Hallo doe-het zelvers,

leuk dat iemand van plan is om "onze" subkasten na te bouwen, misschien als iemand een huis zoekt, daar heb ik ook nog maar zat tekeningen van liggen hoor ! Wij hebben zelf ook jarenlang zelf kasten gebouwd, maar dan wel ontwerpen die daarvoor zijn vrijgegeven. Maar goed, vrijheid blijheid natuurlijk !
En die "low-budget" speakers gaan toch wel als een J !!
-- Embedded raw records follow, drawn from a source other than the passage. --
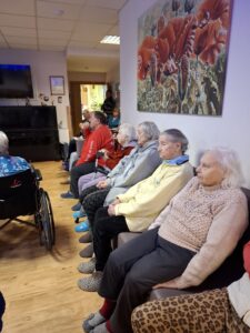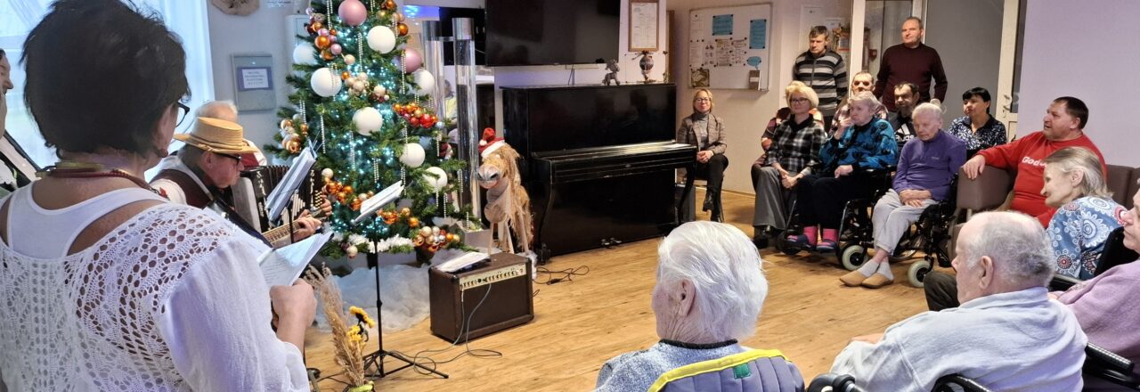Visus sveikino ir muzikinę dovaną dovanojo Elektrėnų kultūros centro pagyvenusių žmonių ansamblis „Smilga“.  Šilti pokalbiai, pasidalinimas prisiminimais vėliau tęsėsi prie arbatos puodelio, gardaus Aukštadvario morkų pyrago .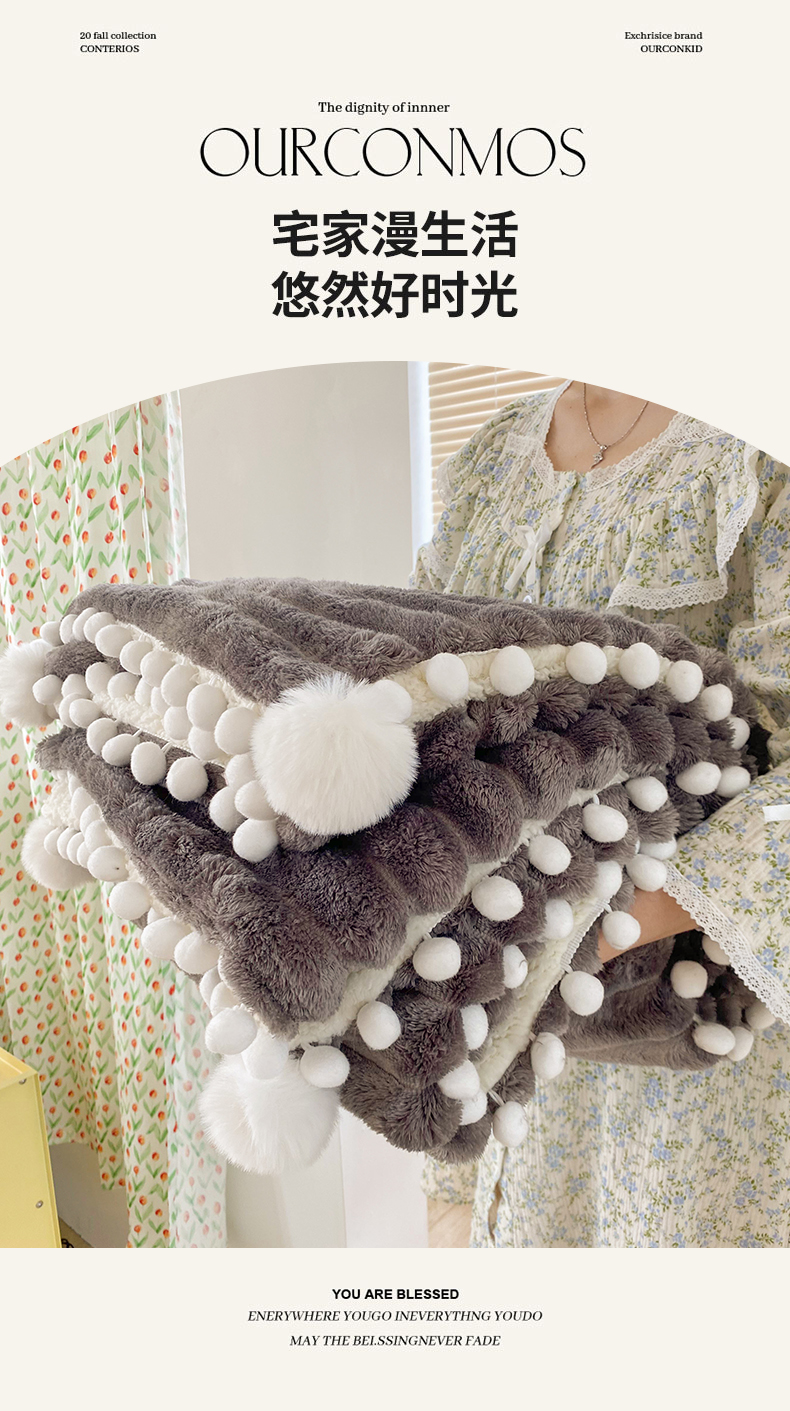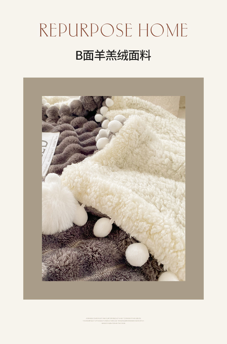 (总)潮邦创意家居 2025新款 奶芙绒流苏球毛毯,薄荷绿,焦糖咖,绵云白,浅蓝灰,深暮灰,甜莓粉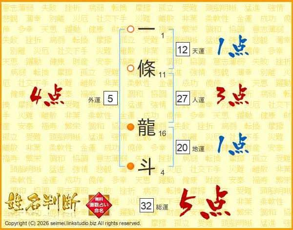 一條龍斗さんの総運は32画の5点!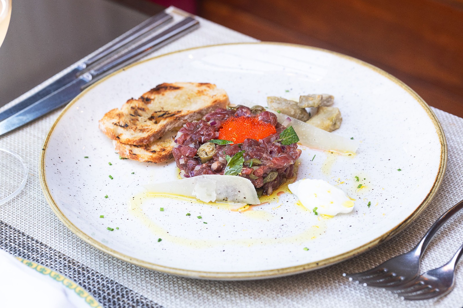 Entre as entradas, destacam-se a Pappa al pomodoro con gambero croccante, tradicional sopa toscana de tomate e pão italiano “dormido”, finalizada com camarão empanado em farinha panko; e o Crudo di agnello con carciofi e pecorino, lombo de cordeiro cortado na ponta da faca, servido com crocante de alcachofra, lascas de pecorino romano DOP, pinoli, coalhada de ovelha e ovas de peixe.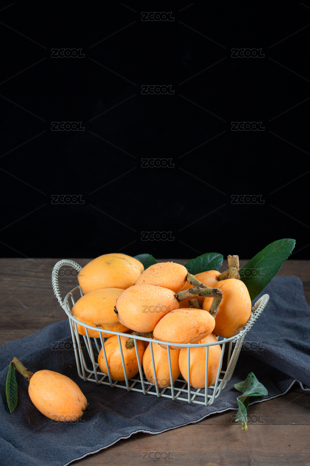 棚拍暗調(diào)木桌上的新鮮水果枇杷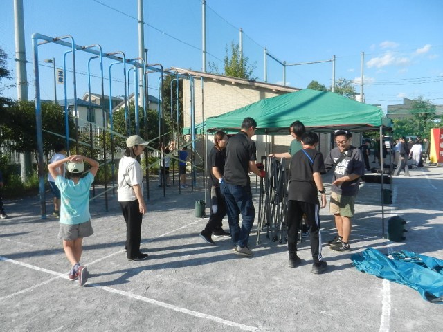 テントを近隣の学校から運搬してくださったのは、用務主事さんと学校長です。たくさんのテントを組み立ててくださったのは、PTAの方々、親児の会の方々、教職員です。大人の力はすごいです。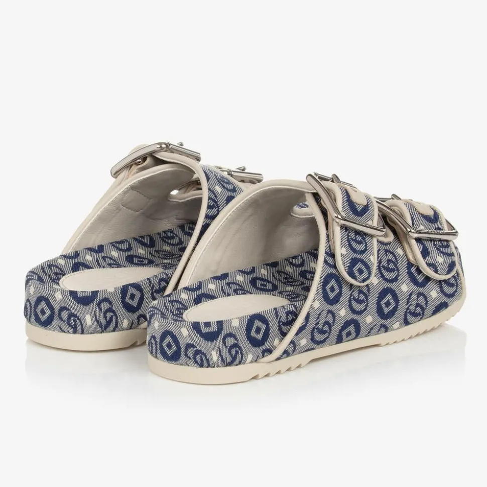 Stylish blue canvas sandals for boys and girls by the luxury Italian brand Gucci. They are patterned with the brand's Double G geometric jacquard and trims with grey leather piping. For a better fit, they have two adjustable straps which fasten with branded chunky silver buckles. The ribbed non-slip outer soles have been embossed with the iconic Interlocking G.

Wou ik gewoon even kwijt, laat maar komen die tegenspraak !

Jeroen

Niks meer aan doen...

----------


## JBL-QSC-DBX

Ha mannen,

hallo meneer de jbl nabouwerd, als je dat dan toch van plan bent, doe dan eerst je huiswerk en ga niet een kast bouwen die er niet eens op lijkt. Ten tweede is het gewoon lullig om kasten na te gaan bouwen. Wel erg goedkoop om iets fatsoenlijks te krijgen. Het front van de MP255s kun je sowieso niet eens aankomen. Wij hebben er 4 in de drive-in staan maar als ik er 8 wil hebben ga ik er echt geen 4 nabouwen. Als je zelf iets wilt gaan bouwen, zoek dan naar een ontwerp wat vrij is om te gebruiken. Een bekende van mij heeft bijna alleen maar zelfbouw systemen, maar dat zijn echt geen kopiën van fabriekssytemen. Dat is zelf uitgedokterd, wel zo netjes niet? En als je geen geld hebt om een fatsoenlijk systeem te kopen, begin dan met iets tweedehands of gewoon iets wat wat goedkoper is, zo beginnen de meeste shows en dat is in ieder geval eerlijker dan een kast kopiëren.

en zo ist!

----------


## Davy Gabriels

Tsss, weer iemand die kritiek geeft op anderen en z'n echte naam niet durft neerschrijven...

----------


## JBL-QSC-DBX

Hallo Davy, volgens mij is jouw berichtje ook niet echt inhoudelijk hoor. En wat doet mijn naam ertoe, het gaat er toch om wat ik te zeggen heb? Of niet? Maar je mag hem best weten hoor, Joris Martens. Ik hoop dat je nu beter slaapt.

en zo ist!

----------


## timescape

Maar tenminste wel commentaar wat ergens op slaat ! 
En sub7 dan ? Heb ik ook nog nooit eerder gehoord....
Maar goed, zo blijven de prijzen van de echte fabriekskasten tenminste lekker hoog he ! 
En dan moet je iedereen eens gaan horen over dat GLP movitec enz. kopieert....en de rest.
Maar zoals eerder gezegd, ieder voor zich he !


Niks meer aan doen...

----------


## nightline

Mooie naam : JBL-QSC-DBX Maar Joris die laatste is van mij!!! Overgens vindt ik wel dat je een beetje gelijk hebt, en tevens doe je erg weinig luidspreker kennis op doet. Vooral omdat je niet tegen natuurkundige, luidspreker technische en constructie technische problemen aanloopt. En zelf ontwerpen en bouwen vergroot het bouw plezier en dat zullen velen met mij eens zijn. Overgens hebben jullie ( Joris en Jeroen ) voorlopig geen extra boxen nodig, er waren nogal wat mensen die me vertelden dat het hard genoeg ging!!!!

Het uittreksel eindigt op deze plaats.